Answer: (5,1)
====================================================
Explanation:
The red shaded region is the solution set. In other words, if the point is in the red region, then it is a solution. A point like (0,0) is in the red area, so we cross that off the list. The same applies for (4,6) and (-2,-8) as well.
In contrast, a point like (5,1) is not in the red shaded area, so this point is not a solution. Hence it's the final answer.
Note: the solid boundary line means points on the boundary are considered solutions. A dashed boundary line would be used to exclude boundary points from the solution set. Solid boundary lines always go with "or equal to".

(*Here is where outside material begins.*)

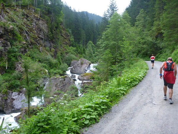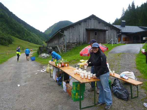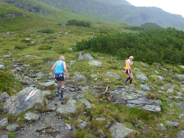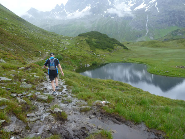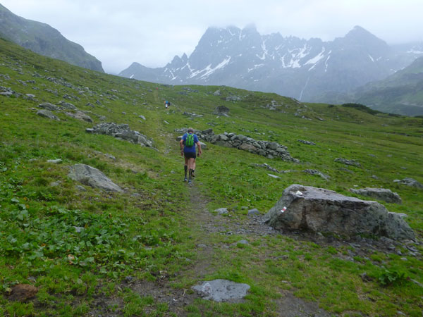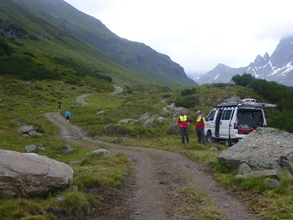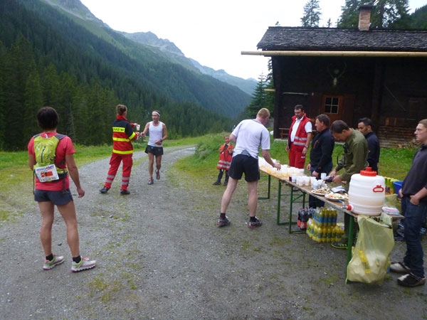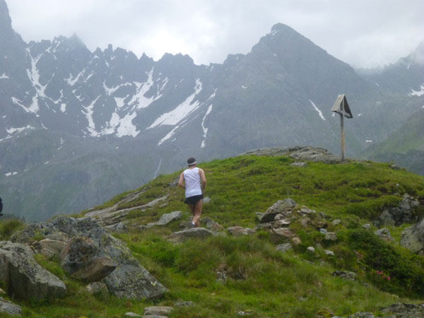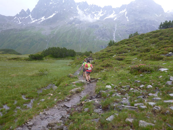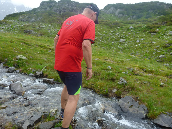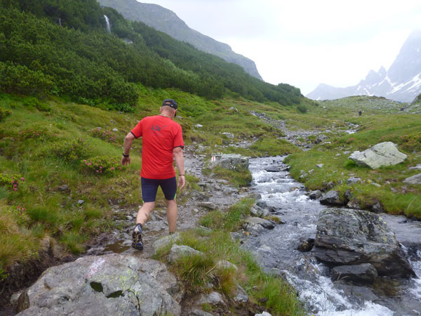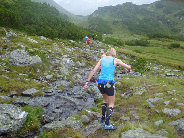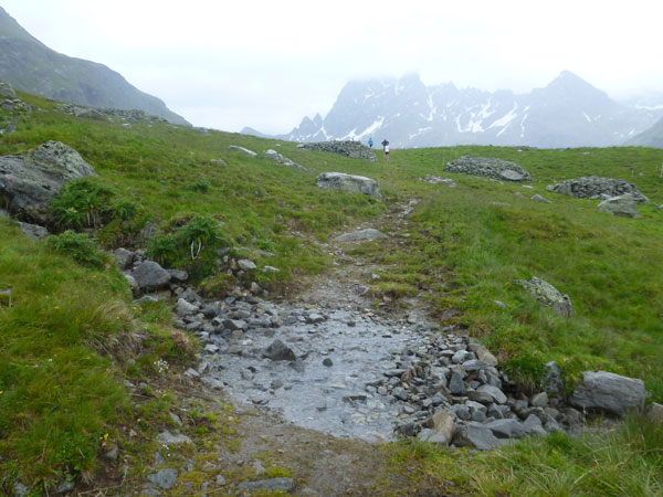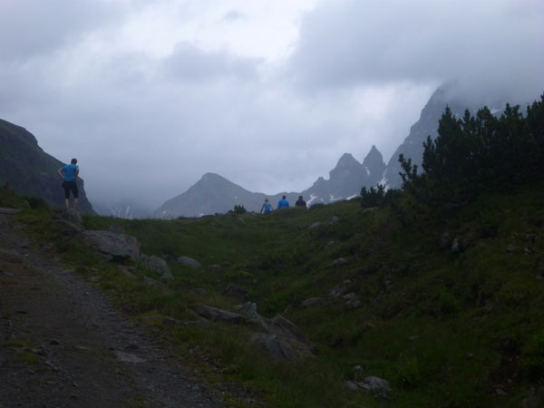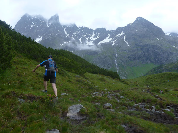 Der Trail wird immer schmieriger und schwieriger, der Spaß bei mir nimmt zu. Die Almwiesen entwickeln sich mit dem zunehmenden Regen zu einer explosiven Mischung aus Kuhscheiße, Schlammlöchern, Wasserläufen und rutschigen Gesteinsbrocken. Ich kann hier einige Läufer überholen und hinter mir lassen. Aber wer da nicht aufpasst, kann mal schnell seinen Schuh in der Suhle verlieren. Ich habe gerade noch mal Schwein, meiner ist fest geschnürt, dafür tauche ich in ein Wasserloch. B´jak hatte da weniger Glück. Bei der Verfolgung von Stephan Hugenschmidt musste er sein wichtigstes Lauf-Utensil erst aus dem Matsch fischen, danach war der Stephan über alle Berge.

Refer to the drawing below if you need a visual of what's going on. I've plotted the four points on the graph given.
--------------------------
Here's an algebraic approach if you don't have a graph and only have the inequality. Ignore this section if you prefer the first section above.
If we plugged (x,y) = (0,0) into the inequality, then we get...
[tex]y \ge 2x-4\\\\0 \ge 2(0)-4\\\\0 \ge 0-4\\\\0 \ge -4\\\\[/tex]
That's a true statement because 0 is to the right of -4 on the number line, making 0 larger than -4. Since the last inequality is true, this makes the first inequality true. Furthermore, it algebraically confirms why (0,0) is a solution. You should find that (4,6) and (-2,-8) will lead to true statements as well, so they are solutions.
In contrast, (x,y) = (5,1) is not a solution because...
[tex]y \ge 2x-4\\\\1 \ge 2(5)-4\\\\1 \ge 10-4\\\\1 \ge 6\\\\[/tex]
which is false. The value 1 is not larger than 6, nor is it equal to 6.